Input data
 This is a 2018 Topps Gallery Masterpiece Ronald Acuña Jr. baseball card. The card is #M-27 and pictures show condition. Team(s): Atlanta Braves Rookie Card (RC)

...

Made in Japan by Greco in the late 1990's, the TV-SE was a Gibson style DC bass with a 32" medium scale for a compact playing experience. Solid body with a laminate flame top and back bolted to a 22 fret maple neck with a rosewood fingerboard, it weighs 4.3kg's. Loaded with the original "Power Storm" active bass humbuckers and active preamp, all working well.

==

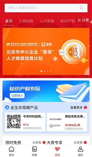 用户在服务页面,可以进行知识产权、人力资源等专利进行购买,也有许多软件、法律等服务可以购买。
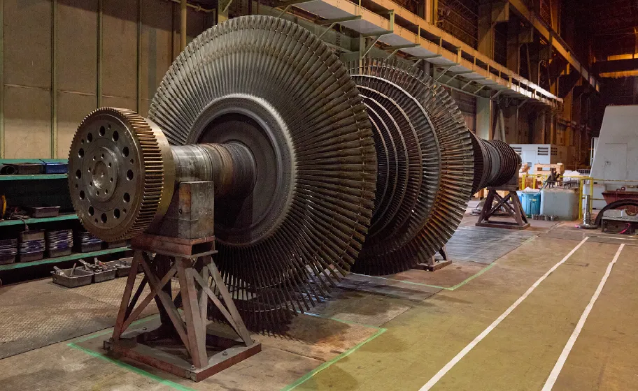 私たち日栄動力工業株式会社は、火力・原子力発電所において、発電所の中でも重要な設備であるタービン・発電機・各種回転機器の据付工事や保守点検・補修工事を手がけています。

Problem requirements
In the listing above, find the line with "用户在服务页面,可以进行知识" and the line with "私たち日栄動力工業株式会社は". Copy exactly those two and every line between, without the pictures.

Task solution
 用户在服务页面,可以进行知识产权、人力资源等专利进行购买,也有许多软件、法律等服务可以购买。
 私たち日栄動力工業株式会社は、火力・原子力発電所において、発電所の中でも重要な設備であるタービン・発電機・各種回転機器の据付工事や保守点検・補修工事を手がけています。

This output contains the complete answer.